Even generally, the forum shopping in favour of the control-country which is not COMI, may undermine not only the UNCITRAL model law principles but also affect larger public interests that are usually associated with the web of laws that insolvency of an enterprise is governed by (Fox, 2013). The choice of control-country, though often convenient to the debtor and creditor, brings about uncertainty in jurisdiction despite COMI being settled, and leads to a more chaotic and disorderly global scenario, overturning all the efforts made in bringing certainty to insolvencies of MNEs.
CONCLUSION
It can be concluded from the aforesaid discussion that adoption of the concept of COMI, through the operational headquarters test, can lead to an efficient and optimal test for determination of a jurisdiction that can deliver effective remedies. It will lead to discouragement of an option by corporate groups to opt for forum shopping for bankruptcy haven. An added advantage in this process is the parity that can be ensured to the various stakeholders. A suggestion that can be added here is the mandatory disclosures about the nucleus of the group as part of healthy corporate governance practices, that is, determination of COMI by the corporate debtor itself. This will also ensure predictability of the jurisdiction by creditors and other stakeholders and bring more inflow of finances during the fine health of the company.

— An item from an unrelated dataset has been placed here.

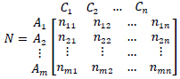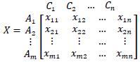 Step 1. In the first step, the initial decision matrix (X) is formed; the rows of this matrix represent the alternatives and the columns represent the evaluation criteria. In this matrix, each alternative is evaluated using the vector Ai = (Xi1,Xi2,...,Xin) , where represents the value of i-th alternative for the j-th criterion.

In an Indian context, globalization is a driving force in the market that needs not only ease of incorporation but the ease of dissolution as well. The creditors of a multinational group must enjoy the certainty of their rights and situs of their enforcement when they deal with a constituent of the group as a healthy company. When India adopts a determination process of jurisdiction that enjoys validity and recognition in other developed countries, it gains certainty and predictability (primary goals of international insolvency in the context of MNEs). It enjoys a coveted position in the arena of commercial law. Our courts have always cooperated with their fellow counterparts in other countries, but we need a robust legal regime to back it up. Our domestic law is updated, and we are about to incorporate an international insolvency law chapter. We must pave a path for more business and utilize this opportunity to carve a niche for India as an ideal destination for global trade and commerce.
Footnotes
DECLARATION OF CONFLICTING INTEREST
The author declared no potential conflicts of interest with respect to the research, authorship and/or publication of this article.
FUNDING
The author received no financial support for the research, authorship and/or publication of this article.